Member of the National Assembly for Eure's 4th constituency
- In office 1997–2017
- Preceded by: Bernard Leroy
- Succeeded by: Bruno Questel

Secretary of State for Planning
- In office 4 June 1992 – 29 March 1993
- President: François Mitterrand
- Prime Minister: Pierre Bérégovoy
- Succeeded by: Jean Arthuis

Personal details
- Born: 21 October 1941 (age 84) Enghien-les-Bains, France
- Party: Socialist Party
- Alma mater: Paris Law Faculty Centre de formation des journalistes

= François Loncle =

French politician

François Loncle (born October 21, 1941) is a French politician. He represented the 4th constituency of the Eure department in the National Assembly of France from 1997 to 2017 as a member of the Socialist Party.

==Biography==

Loncle was born October 21, 1941, in Enghien-les-Bains (France).
He was a student at the Paris Law Faculty and graduated from Centre de formation des journalistes in 1963.
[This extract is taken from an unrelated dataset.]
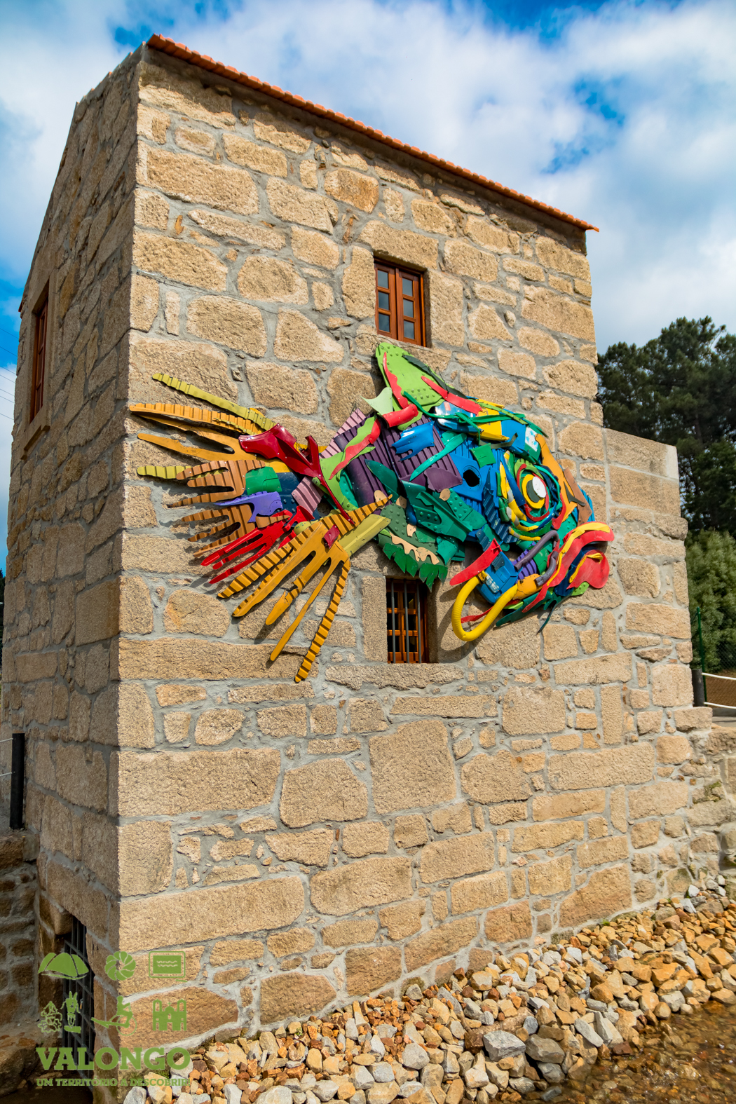 Assim, na parede exterior principal do Centro de Interpretação Ambiental está a escultura do artista Bordalo II, “Peixe”, que simboliza por um lado todo o processo de renaturalização e recuperação que está a ser levado a cabo no troço do rio Tinto que passa no Trilho Ecológico da Lipor, e por outro os princípios da Economia Circular e da reutilização, em que os resíduos passam a ser olhados como matéria-prima!

He is married and father of three children.

He started out as a journalist the Paris Normandie. In 1964 he served at the Office de Radiodiffusion Télévision Française where he hosted a program of exchange (la Bourse), he reported later of Service economy of news broadcasts «20 heures» and participated in news broadcasts «Panorama». In July 1968 consequently of strike he was discharged with 120 others journalists by order of government Georges Pompidou.
At the end of 1969 he was employed by Eugène Descamps as a presse officer of the CFDT that he located to 1970.

In 1971 he founded a study and action radical-socialist group with some members of the Radical Party. This became the Radical Party of the Left. He served as National Secretary until 1981.

Supported by Pierre Mendès France he was elected a deputy to the department of Eure a fourth election district on 21 June 1981. After this election he joins the Socialist Party. He was re-elected a deputy in 1986 and 1988. Beaten during a historical defeat of the left in 1993, he was re-elected again in 1997 following a dissolution of the National Assembly settled by President of France Jacques Chirac, re-elected again in 2002, 2007 and 2012.

In 1992 he was appointed Secretary of State in the Bérégovoy's Government.

From 1997 he became a member of the Foreign Affairs Committee, the National Assembly so he served as chairman between 5 April 2000 and 18 June 2002.

Until 2017 he was president of the friendship group Burkina Faso, vice-president of the friendships groups Serbia, Estonia, Costa Rica, New Zealand, Mauritania, Uganda and Syria, secretary of the friendship group France-Mali, vice-president of the study group of international vocation of issues related to the economic expansion in Taiwan, member of the study group of the Tibet question; from 2011 he is a speaker of the working group of Sahel Security, member of the investigation committee about supervision of jihadists communications and of the Mission of information about Libya in the National Assembly.

He was vice-president of a French delegation of the Parliamentary Assembly of the Council of Europe.

==Position statement==

In 2010 he supported Laurent Gbagbo and contested the victory of his rival Alassane Ouattara in Ivory Coast.

On 17 March 2016 with 19 others socialist deputies he gave an option for withdrawal of amendment, supported by the government, interdicting the fishing at the depth of more than 800 metres.

He favoured Emmanuel Macron for the presidential election 2017.

He supported Bruno Questel for the legislative election 2017

==Political mandates==

===Former governmental functions===

- 4 Juin 1992 - 26 December 1992: Minister of City Affairs
- 26 December 1992 - 29 March 1993: Minister of Planning

===Parliamentary mandates===

- 21 Juin 1981 - 1 April 1986: Deputy of Eure
- 12 Juin 1988 - 3 July 1992: Deputy of Eure

(Nomination in Government)

- 1 Juin 1997 - 18 Juin 2002: Deputy of Eure
- From 2002: Deputy of Eure

===Former local mandates===

- 14 Juin 1982 - 19 March 1989: Mayor of Brionne (Eure)
- 3 October 1988 - 26 May 1989: General councillor of Eure
- 22 March 1989 - 18 Juin 1995: Mayor of Brionne (Eure)
- 19 Juin 1995 - 18 March 2001: Assistant Mayor of Louviers (Eure)
- 2001 - 2008: Municipal councillor of Louviers (Eure)
- Community councillor of Agglomeration communities the Seine-Eure

==The laureate of Political humor Grand Prix==

In 2011 the jury of Political humor Grand Prix awarded to him the diploma of special merit as deputy champion of written questions to government remains unanswered but published in the Official Journal.
He was awarded in 2005 by the same jury for saying the former Prime minister Dominique Galouzeau de Villepin: «He has the name of the horse but he has never raced», referring to the fact that the latter never presented to least election.